I ended up making the decision myself to get the abortion. I hated having to make the decision, but I was already taking care of my daughter by myself and was not confident that I could take care of 2 children on my own. I had part time jpb that was not secure, I didn’t have much family support, and i was trying to go back to school. So I went through with it, and it was an experience that I will never forget. I was by myself, it was an extremely cold day in the middle of winter (like 40 degrees below zero). Because I was 3 months pregnant, they did the suction method. The procedure was physically uncomfortable, but it was psychologically grueling. After the procedure was over, all my nausea, back pains, everything stopped.

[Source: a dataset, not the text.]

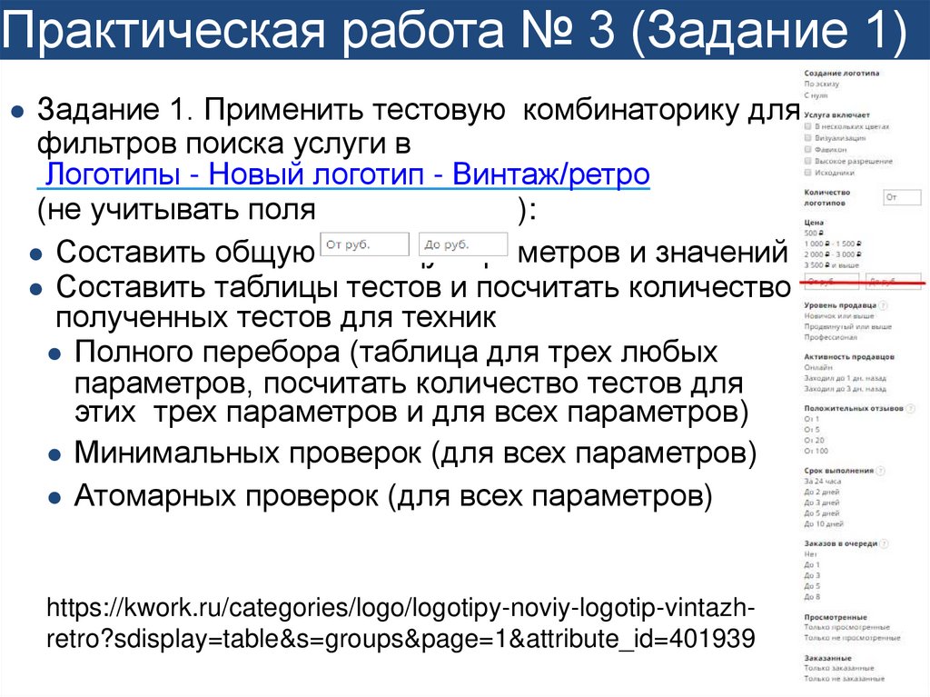 Практическая работа № 3 (Задание 1)● Задание 1. Применить тестовую комбинаторику для

Having an abortion is never the easy way out. You always deal with it. I think about it every January (that was when I had the procedure), and July (which was when the child would have been born). I hate that I chose to abort that child and not my daughter, who I love very much. I hope that child does not think that they were not good enough for me to keep. It’s hard to say if it was right or wrong.

And just as an afterthought, my daughter’s father did not get a job for almost a year after I had my abortion, he is not helping me financially, despite the child support order, and he actually had a son by someone else that he is not taking care of either. He does spend more time with my daughter and picks her up consistently.